Re: [PATCH 18/33] autonuma: teach CFS about autonuma affinity

Mike Galbraith <efault@xxxxxx> · Sat, 06 Oct 2012 04:39:54 +0200

On Fri, 2012-10-05 at 13:54 +0200, Andrea Arcangeli wrote: 
> On Fri, Oct 05, 2012 at 08:41:25AM +0200, Mike Galbraith wrote:
> > On Thu, 2012-10-04 at 01:51 +0200, Andrea Arcangeli wrote: 
> > > The CFS scheduler is still in charge of all scheduling decisions. At
> > > times, however, AutoNUMA balancing will override them.
> > > 
> > > Generally, we'll just rely on the CFS scheduler to keep doing its
> > > thing, while preferring the task's AutoNUMA affine node when deciding
> > > to move a task to a different runqueue or when waking it up.
> > 
> > Why does AutoNuma fiddle with wakeup decisions _within_ a node?
> > 
> > pgbench intensely disliked me recently depriving it of migration routes
> > in select_idle_sibling(), so AutoNuma saying NAK seems unlikely to make
> > it or ilk any happier.
> 
> Preferring doesn't mean NAK. It means "search affine first" if there's
> not, go the usual route like if autonuma was not there.

I'll rephrase.  We're searching a processor.  What does that have to do
with NUMA?  I saw you turning want_affine off (and wonder what that's
gonna do to fluctuating vs for more or less static loads), and get that.

> In short there's no risk of regressions like it happened until 3.6-rc6
> (I reverted that patch before it was reverted in 3.6-rc6).
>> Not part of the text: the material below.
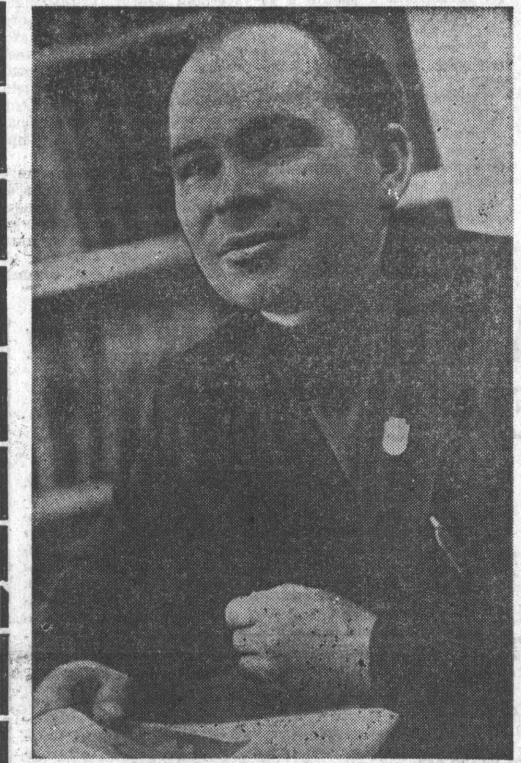
Делегаты III Всесоюзного съезда колхозников

В. РОЖДЕСТВЕНСКИЙ, корр. «Алтайской правды», Кытмановский район.

(Shrug, +1000% vs -20%.  Relevant is the NUMA vs package bit, and node
stickiness vs 1:N bit)

> > Hm.  How does this profiling work for 1:N loads?  Once you need two or
> > more nodes, there is no best node for the 1, so restricting it can only
> > do harm.  For pgbench and ilk, loads of cross node traffic should mean
> > the 1 is succeeding at keeping the N busy.
> 
> That resembles numa01 on the 8 node system. There are N threads
> trashing over all the memory of 4 nodes, and another N threads
> trashing over the memory of another 4 nodes. It still work massively
> better than no autonuma.

I measured the 1 in 1:N pgbench very much preferring mobility.  The N,
dunno, but I don't imagine a large benefit for making them sticky
either.  Hohum, numbers will tell the tale.

> If there are multiple threads their affinity will vary slighly and the
> task_selected_nid will distribute (and if it doesn't distribute the
> idle load balancing will still work perfectly as upstream).
> 
> If there's just one thread, so really 1:N, it doesn't matter in which
> CPU of the 4 nodes we put it if it's the memory split is 25/25/25/25.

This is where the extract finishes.